Verizon joins global mobile software push

By Stephen Lawson, IDG News Service |  Mobile & Wireless, joint innovation lab, mobile apps Add a new comment

Verizon Wireless will join the Joint Innovation Lab (JIL) created by China Mobile, Softbank and Vodafone to help standardize mobile application development and get new software out to mobile users more quickly.

JIL, formed last April, is working on creating a single mobile platform for developers that would allow applications to be run on multiple operating systems. It plans to launch a common mobile widget specification and other developer tools later this year. The widgets will be small applications that provide information such as weather and news. After widgets, JIL will move on to games, Verizon said.

Verizon Communications Chairman and CEO Ivan Seidenberg announced the move in a keynote address Wednesday morning at the CTIA Wireless trade show in Las Vegas, and at a news conference where he and other executives addressed several issues the carrier is working on.

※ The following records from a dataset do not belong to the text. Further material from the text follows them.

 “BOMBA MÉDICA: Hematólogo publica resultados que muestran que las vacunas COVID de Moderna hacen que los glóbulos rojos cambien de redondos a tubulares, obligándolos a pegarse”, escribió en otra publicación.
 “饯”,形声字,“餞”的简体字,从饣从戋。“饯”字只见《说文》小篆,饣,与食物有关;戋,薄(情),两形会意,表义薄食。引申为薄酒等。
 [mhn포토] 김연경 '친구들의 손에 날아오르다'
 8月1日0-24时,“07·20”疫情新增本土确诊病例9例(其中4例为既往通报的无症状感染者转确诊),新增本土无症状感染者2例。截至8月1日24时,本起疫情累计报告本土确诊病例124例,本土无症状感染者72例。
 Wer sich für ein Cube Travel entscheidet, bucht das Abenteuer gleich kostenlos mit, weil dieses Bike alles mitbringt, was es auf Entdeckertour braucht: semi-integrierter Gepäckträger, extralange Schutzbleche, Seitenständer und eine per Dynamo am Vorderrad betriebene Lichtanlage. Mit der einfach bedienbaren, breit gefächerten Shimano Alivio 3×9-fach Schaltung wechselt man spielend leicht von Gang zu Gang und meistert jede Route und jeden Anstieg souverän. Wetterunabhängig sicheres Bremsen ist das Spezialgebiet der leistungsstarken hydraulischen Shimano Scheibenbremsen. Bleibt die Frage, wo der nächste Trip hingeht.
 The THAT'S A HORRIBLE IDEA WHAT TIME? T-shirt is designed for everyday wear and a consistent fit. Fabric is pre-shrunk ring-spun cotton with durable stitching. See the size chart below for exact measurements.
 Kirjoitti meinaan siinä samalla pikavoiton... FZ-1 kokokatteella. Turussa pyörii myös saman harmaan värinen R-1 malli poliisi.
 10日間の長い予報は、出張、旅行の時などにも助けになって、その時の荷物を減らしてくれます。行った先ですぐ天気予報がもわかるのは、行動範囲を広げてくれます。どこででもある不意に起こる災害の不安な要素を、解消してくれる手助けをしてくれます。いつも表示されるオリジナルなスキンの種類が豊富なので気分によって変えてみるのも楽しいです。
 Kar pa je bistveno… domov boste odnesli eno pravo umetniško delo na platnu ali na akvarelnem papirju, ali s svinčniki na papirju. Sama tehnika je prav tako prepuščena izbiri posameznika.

Verizon is backing the initiative because it believes there are too many mobile operating systems to work with and certifying applications across eight or nine operating systems, plus many different handsets, has slowed the delivery of new software to subscribers. The carrier would like to see that number reduced to three or four major operating systems in the next two years.

Working with the JIL standard and with that smaller set of major OSes, developers will be able to reach most devices worldwide, said Lowell McAdam, president and CEO of Verizon Wireless, at a news conference on Wednesday. Together, the four partners say they represent more than 1 billion mobile users worldwide. Software developed for JIL will be able to reach customers in more than 70 countries, the JIL group has said. For Verizon, the standardization means being able to bring applications to subscribers in weeks rather than months, he said.

Verizon is early in planning for trials with its high-speed LTE (Long-Term Evolution) data system, but it expects to have LTE networks built in two cities this year and deploy networks commercially "very early" in 2010, McAdam said. By the end of next year, the network should reach 100 million potential subscribers nationwide, he said.

The need to build fat pipes to connect LTE base stations to wired networks won't hamper deployment, McAdam said, because the company is working with vendors on a program to deploy 50M bps (bits per second) or 100M bps Ethernet connections to all its base stations. By the time that backhaul is needed with the higher wireless network speeds, 95 percent of the sites should have it, Seidenberg said. The mobile operator can bring to bear Verizon Communications' own FIOS network and the fast wired networks of Verizon Business, he pointed out.

LTE deployment doesn't mean Verizon's CDMA (Code-Division Multiple Access) network is going away anytime soon. CDMA infrastructure, which delivers all Verizon Wireless voice and data services today, will probably be in place for five to seven more years, McAdam said.